JR東日本はこのほど、次世代型新幹線の開発に向け、来春新たな試験車両を導入すると発表した。北海道新幹線の札幌乗り入れが始まる2031年春を目指し、時速360㌔での営業運転を実現する。
世界最速の新幹線を東京~札幌に
世界の高速列車は、1964年開業の東海道新幹線に端を発するが、現在営業運転での最速列車は、日本の東北新幹線とフランスのTGV,それにドイツのICE3の3つの列車で、いずれも時速320㌔だ。中国の高速列車は、時速350㌔でデビューしたが、40名が亡くなった温州市での事故のあとスピードを落とし、時速310㌔で運転している。
来春、試験に投入されるのは“最先端試験を行うための先進試験車両”の意味を込めた「ALFA-X(アルファX)」と呼ばれる10両編成の新幹線だ。JR東日本では速度や快適性の向上とともに、地震時の安全性や雪対策、それに車両の機器や線路設備の状態などを、走りながらモニタリングを行う革新的なメンテナンス・システムを導入する。

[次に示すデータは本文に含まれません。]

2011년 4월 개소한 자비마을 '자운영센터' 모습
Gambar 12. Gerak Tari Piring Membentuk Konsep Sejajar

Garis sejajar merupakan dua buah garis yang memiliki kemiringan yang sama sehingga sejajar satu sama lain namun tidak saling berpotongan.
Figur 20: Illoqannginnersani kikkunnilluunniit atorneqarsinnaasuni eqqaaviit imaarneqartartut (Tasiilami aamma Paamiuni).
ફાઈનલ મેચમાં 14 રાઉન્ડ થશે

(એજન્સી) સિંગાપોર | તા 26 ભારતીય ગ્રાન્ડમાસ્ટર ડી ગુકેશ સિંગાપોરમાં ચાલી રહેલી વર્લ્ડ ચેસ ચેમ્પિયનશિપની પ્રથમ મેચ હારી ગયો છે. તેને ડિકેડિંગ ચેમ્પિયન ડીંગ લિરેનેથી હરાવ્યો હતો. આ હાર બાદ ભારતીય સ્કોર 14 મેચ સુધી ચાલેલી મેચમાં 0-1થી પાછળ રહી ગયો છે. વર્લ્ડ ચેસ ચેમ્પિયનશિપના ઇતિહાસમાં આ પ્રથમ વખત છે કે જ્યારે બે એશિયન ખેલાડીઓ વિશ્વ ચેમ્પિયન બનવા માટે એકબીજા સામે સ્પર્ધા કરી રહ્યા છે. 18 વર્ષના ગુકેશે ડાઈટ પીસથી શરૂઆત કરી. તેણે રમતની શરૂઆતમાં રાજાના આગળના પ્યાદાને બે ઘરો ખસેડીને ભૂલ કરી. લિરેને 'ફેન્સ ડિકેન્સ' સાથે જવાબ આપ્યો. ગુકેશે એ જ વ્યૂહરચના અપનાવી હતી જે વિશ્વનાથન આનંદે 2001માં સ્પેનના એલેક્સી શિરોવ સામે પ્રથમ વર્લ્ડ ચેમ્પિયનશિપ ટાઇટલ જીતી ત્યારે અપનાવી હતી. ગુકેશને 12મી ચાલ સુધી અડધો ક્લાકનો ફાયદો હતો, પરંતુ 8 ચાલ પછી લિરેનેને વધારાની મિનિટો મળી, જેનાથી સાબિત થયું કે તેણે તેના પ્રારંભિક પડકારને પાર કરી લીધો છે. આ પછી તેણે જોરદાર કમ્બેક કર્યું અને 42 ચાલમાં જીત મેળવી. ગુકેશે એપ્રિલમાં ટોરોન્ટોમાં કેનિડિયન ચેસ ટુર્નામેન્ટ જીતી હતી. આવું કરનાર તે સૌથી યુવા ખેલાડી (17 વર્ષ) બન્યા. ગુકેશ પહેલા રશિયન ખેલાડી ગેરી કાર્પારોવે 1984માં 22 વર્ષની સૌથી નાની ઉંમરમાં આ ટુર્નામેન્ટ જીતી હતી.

時速360㌔運転実現へのアプローチは、2009年まで別の試験編成列車(FASTECH360)を使って行ってきたが、ALFA-Xの投入で世界最高速運転が実現に近づくことで、盛岡以北の運転速度(現行時速260㌔)と貨物列車との共用となっている青函トンネルの減速(時速140㌔)問題がクローズアップされそうだ。
雑学ライブラリー
解消したいトンネルドン
今回の試験編成は、ALFA-XのFで示されている通り、フロントライン(先端部)の形状が重要な試験となっている。「トンネルドン」を軽減するためだ。

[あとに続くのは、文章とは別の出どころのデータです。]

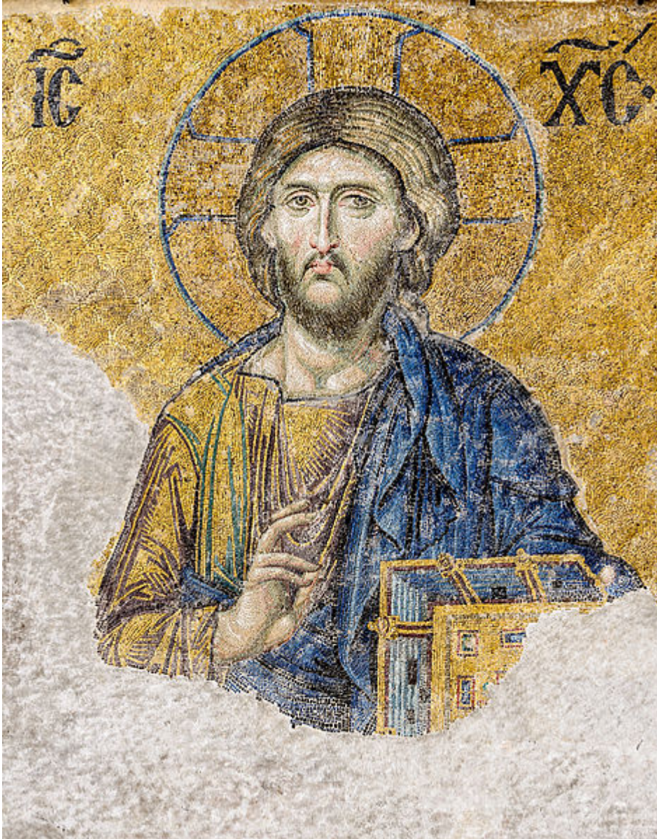
Ο Χριστός Παντοκράτωρ, τμήμα από βυζαντινό ψηφιδωτό της Δέησης στην Αγία Σοφία της Κωνσταντινούπολης, 1261

/ Επιστήμες, Τέχνες & Πολιτισμός / Ορθόδοξη πίστη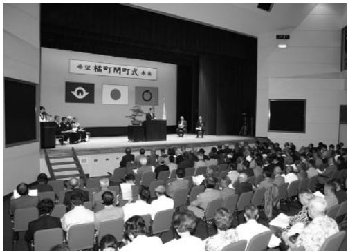
橋町閉町式典（9月23日）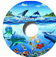
Protector de radios personalizable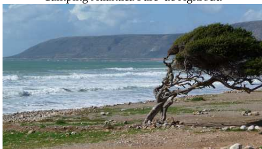
La Côte Atlantic entre Agadir et Essaouira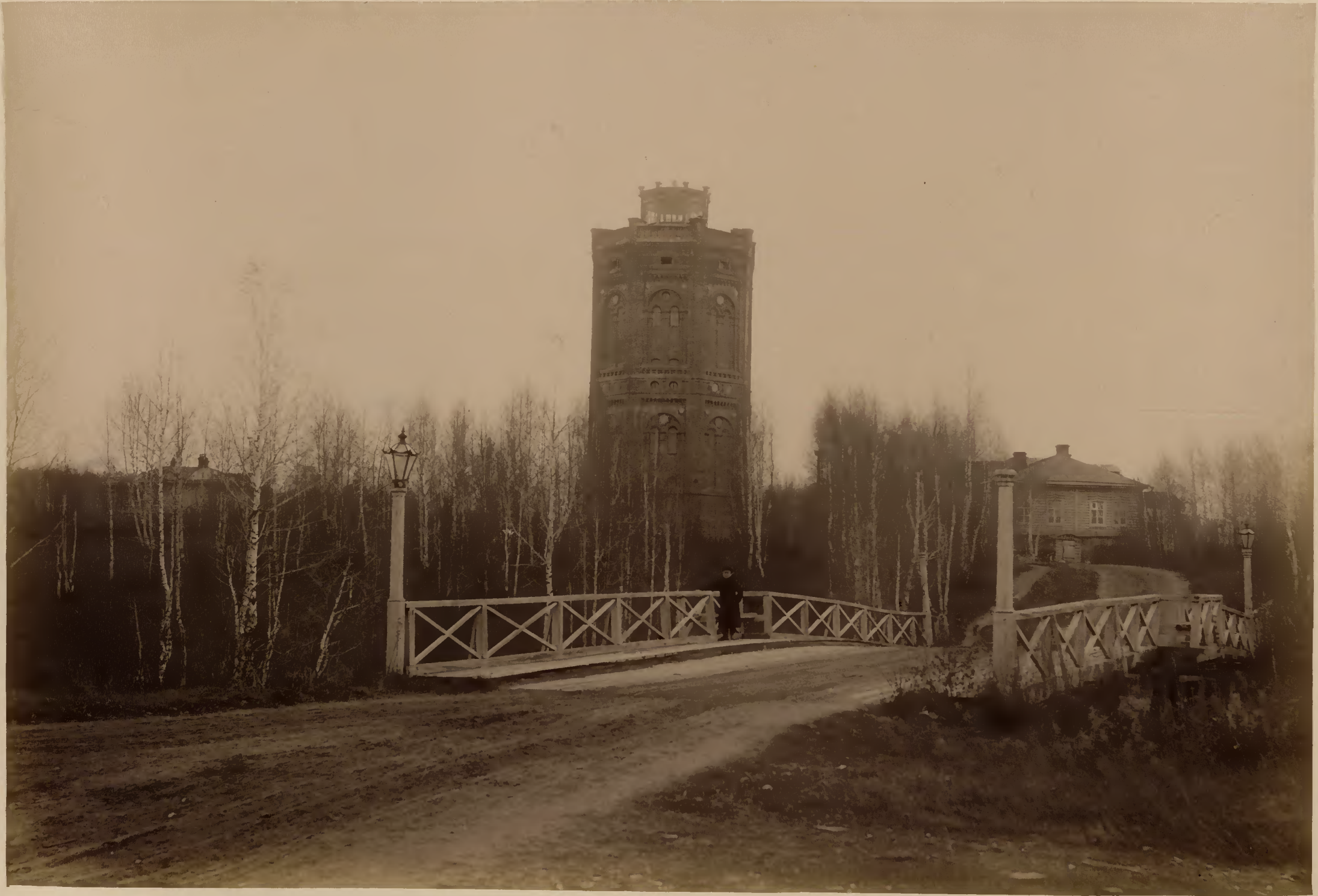
Мостъ черезъ оврагъ на ботаническій участокъ; видъ водонапорной башни и части ботаническаго дома.

トンネルドンとは高速で走る列車がトンネルに入ると、中の空気が押し出され、反対側の出口で微気圧波が「ドン」という衝撃音が生じる。高速で走る新幹線は特に微気圧波が作る音は大きく、環境問題ともなっている。JR北海道のH5系や東日本のE5系のカモノハシのような先頭部分は、それらの対策の結果だ。